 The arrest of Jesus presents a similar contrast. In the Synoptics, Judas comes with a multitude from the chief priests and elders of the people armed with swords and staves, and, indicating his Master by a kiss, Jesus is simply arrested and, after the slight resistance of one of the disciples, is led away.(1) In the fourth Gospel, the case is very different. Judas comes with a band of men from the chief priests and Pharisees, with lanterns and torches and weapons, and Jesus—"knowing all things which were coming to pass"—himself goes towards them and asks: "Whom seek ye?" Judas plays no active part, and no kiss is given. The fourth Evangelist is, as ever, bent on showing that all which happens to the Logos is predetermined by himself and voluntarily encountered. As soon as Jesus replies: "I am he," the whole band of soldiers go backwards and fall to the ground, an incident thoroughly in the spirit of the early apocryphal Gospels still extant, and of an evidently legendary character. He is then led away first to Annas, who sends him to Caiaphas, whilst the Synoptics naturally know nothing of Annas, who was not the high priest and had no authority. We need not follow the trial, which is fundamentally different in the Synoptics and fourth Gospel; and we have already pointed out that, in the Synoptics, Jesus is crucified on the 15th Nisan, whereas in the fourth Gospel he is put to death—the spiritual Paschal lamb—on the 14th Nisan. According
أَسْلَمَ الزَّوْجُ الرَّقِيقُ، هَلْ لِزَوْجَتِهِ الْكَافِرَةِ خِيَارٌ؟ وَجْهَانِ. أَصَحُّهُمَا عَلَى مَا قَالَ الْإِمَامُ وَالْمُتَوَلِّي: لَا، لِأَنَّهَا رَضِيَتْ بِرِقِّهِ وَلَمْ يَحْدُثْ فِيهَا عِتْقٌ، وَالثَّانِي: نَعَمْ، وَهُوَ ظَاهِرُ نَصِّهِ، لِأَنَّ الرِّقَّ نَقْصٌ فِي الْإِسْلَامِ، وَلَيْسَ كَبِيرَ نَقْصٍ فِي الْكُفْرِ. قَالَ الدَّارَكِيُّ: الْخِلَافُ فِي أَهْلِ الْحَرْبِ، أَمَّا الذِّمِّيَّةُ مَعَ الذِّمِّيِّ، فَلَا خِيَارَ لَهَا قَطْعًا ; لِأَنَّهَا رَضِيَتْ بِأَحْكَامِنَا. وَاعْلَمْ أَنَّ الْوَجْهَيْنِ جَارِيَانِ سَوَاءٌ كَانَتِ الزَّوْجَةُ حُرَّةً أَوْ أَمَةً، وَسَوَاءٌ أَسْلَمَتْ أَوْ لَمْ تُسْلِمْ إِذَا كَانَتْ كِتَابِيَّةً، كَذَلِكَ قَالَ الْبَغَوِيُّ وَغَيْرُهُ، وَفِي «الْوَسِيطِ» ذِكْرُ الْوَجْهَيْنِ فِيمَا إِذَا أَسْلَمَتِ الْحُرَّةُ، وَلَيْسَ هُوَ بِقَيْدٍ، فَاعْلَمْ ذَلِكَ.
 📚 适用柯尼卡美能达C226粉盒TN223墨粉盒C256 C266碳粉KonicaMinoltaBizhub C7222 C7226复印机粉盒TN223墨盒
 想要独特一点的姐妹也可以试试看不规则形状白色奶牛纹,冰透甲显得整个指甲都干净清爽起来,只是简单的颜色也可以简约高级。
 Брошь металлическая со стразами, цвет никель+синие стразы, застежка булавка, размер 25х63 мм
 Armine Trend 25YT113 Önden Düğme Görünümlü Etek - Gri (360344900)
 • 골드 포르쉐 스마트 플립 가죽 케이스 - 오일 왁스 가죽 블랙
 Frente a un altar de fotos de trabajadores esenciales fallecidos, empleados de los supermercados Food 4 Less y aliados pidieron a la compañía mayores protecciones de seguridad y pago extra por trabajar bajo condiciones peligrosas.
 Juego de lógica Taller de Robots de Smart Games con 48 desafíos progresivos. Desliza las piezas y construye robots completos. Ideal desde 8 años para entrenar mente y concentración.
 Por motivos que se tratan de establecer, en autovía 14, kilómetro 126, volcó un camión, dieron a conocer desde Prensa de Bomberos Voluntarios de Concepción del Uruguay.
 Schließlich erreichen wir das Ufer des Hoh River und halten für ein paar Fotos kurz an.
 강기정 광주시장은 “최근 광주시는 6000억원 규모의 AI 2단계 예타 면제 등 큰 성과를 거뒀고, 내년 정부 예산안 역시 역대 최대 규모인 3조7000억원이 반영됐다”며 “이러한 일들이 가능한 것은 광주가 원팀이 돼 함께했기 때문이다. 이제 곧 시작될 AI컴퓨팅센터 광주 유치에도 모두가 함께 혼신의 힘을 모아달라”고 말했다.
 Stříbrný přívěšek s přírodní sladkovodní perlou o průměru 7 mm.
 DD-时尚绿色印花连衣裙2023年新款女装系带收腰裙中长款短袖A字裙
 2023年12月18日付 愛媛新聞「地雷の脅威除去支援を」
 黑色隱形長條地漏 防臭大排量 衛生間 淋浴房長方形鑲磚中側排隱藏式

----

The expected result is every line from the material above that includes "desde".

■ Answer box
 Juego de lógica Taller de Robots de Smart Games con 48 desafíos progresivos. Desliza las piezas y construye robots completos. Ideal desde 8 años para entrenar mente y concentración.
 Por motivos que se tratan de establecer, en autovía 14, kilómetro 126, volcó un camión, dieron a conocer desde Prensa de Bomberos Voluntarios de Concepción del Uruguay.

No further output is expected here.